Problem to solve: Pictures are not part of the copy. Write out exactly the lines from the line with "Broken glass bottle" through the end of the entries below.

** Opening Record extracts block **

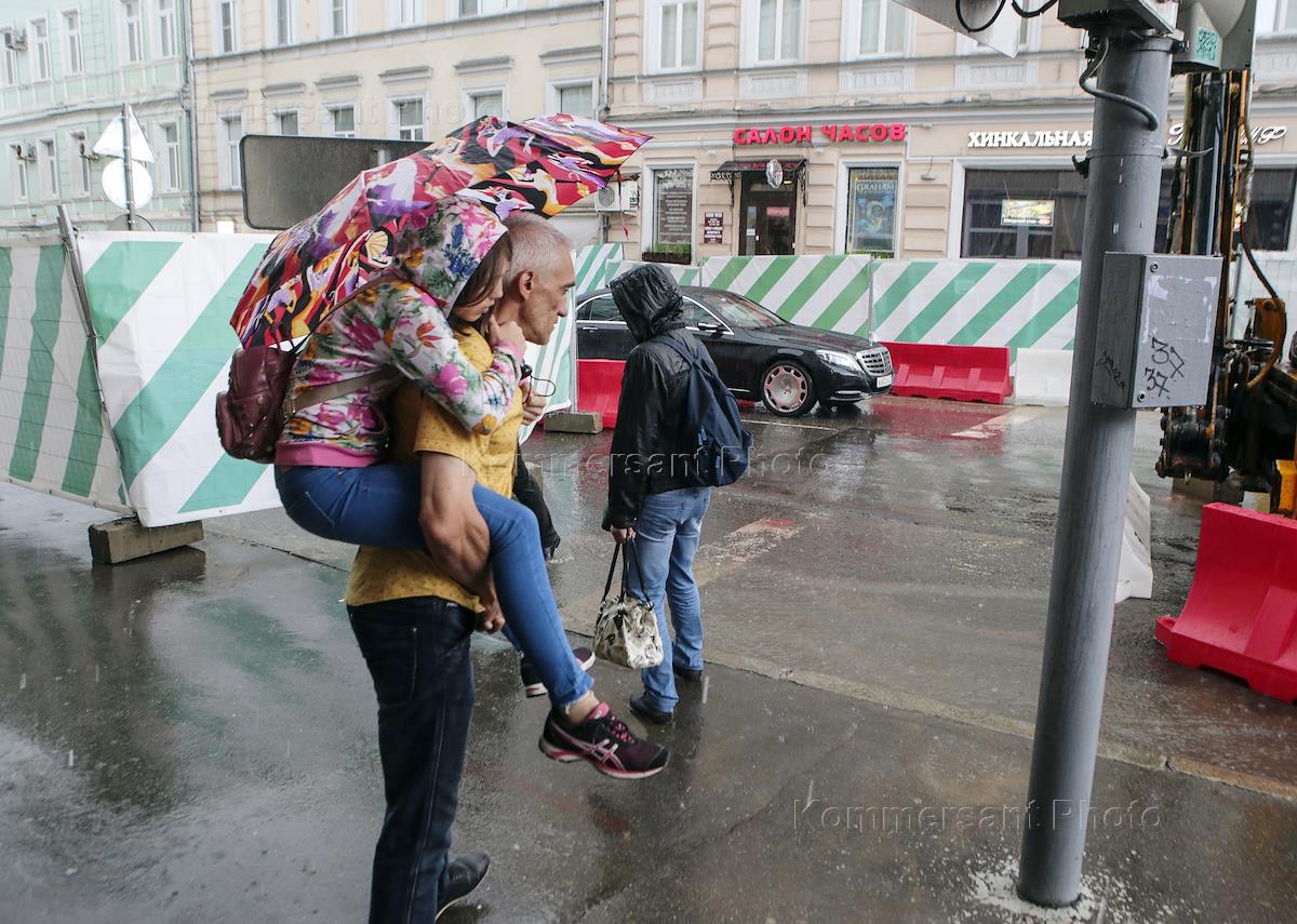 Непогода в Москве. Последствия ливневых дождей. Мужчина несет на плечах ребенка под дождем.
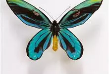 亚历山大女皇鸟翼凤蝶,又称大鸟翼蝶,是鳞翅目凤蝶科鸟翼蝶属蝴蝶;翅膀圆阔、褐色,雌性翅膀上会点缀着耀眼的白色斑纹;雄性翅膀上则闪耀着红蓝色的光泽。亚历山大女皇鸟翼凤蝶幼时很黑,身上长有红色的结节,…全部>>
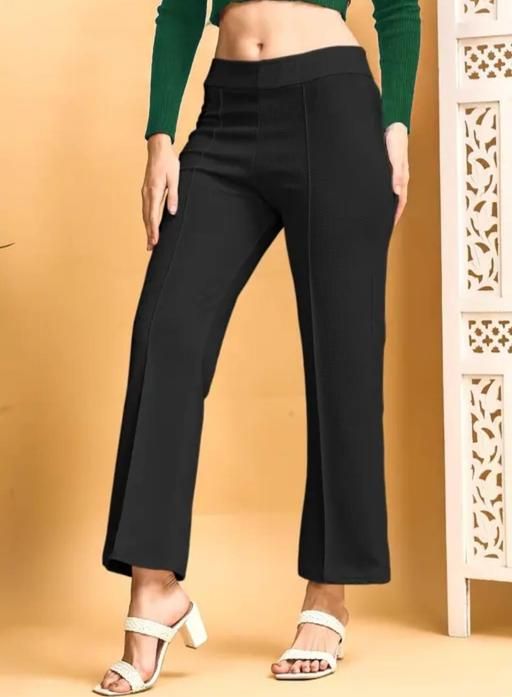 Name: trendy bell bottom wide leg pants, showcased in two stunning images featuring women exuding confidence and style. Fabric: Cotton Blend Pattern: Solid Net Quantity (N): 2 Sizes: S (Waist Size: 28 in, Length Size: 37 in, Hip Size: 34 in) M (Waist Size: 30 in, Length Size: 38 in, Hip Size: 36 in) L, XL (Waist Size: 34 in, Length Size: 38 in, Hip Size: 40 in) Discover the elegance and versatility of our wide leg pants, showcased in two stunning images featuring women exuding confidence and style. These pants are designed to provide a flattering silhouette while ensuring comfy andt ease of movement. Perfect for both casual outings and sophisticated events, they can be effortlessly paired with various topwear and accessories to create a ensemble. Embrace the trend of wide leg pants and elevate your wardrobe with this essential piece. Country of Origin: India
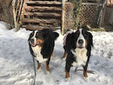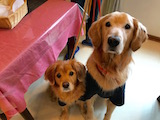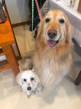 1年ぶりの登場です。ミックスのしろとゴールデンのもも。相変わらず元気いっぱい。雪遊びもできたかな?またね
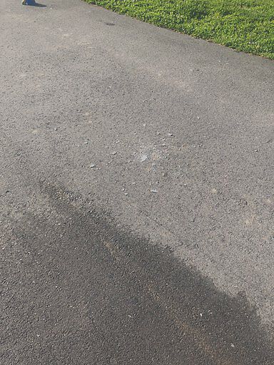 Broken glass bottle into small pieces, I picked up some of the larger ones but a big hazard for the park. Near the tables and tennis courts.
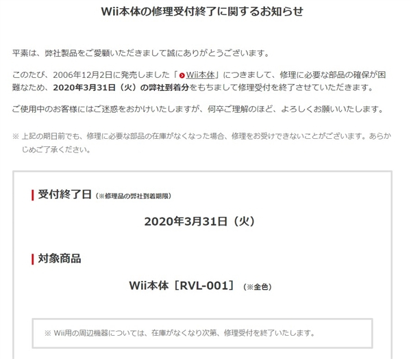 1月27日,任天堂官网宣布,将于2020年3月31日正式关闭对Wii主机的维修服务。采取此举的原因是因为该公司早已不在生产Wii主机维修所需的零部件,同时库存的零件也即将消耗殆尽。

** Closing Record extracts block **

Answer to the exercise:
 Broken glass bottle into small pieces, I picked up some of the larger ones but a big hazard for the park. Near the tables and tennis courts.
 1月27日,任天堂官网宣布,将于2020年3月31日正式关闭对Wii主机的维修服务。采取此举的原因是因为该公司早已不在生产Wii主机维修所需的零部件,同时库存的零件也即将消耗殆尽。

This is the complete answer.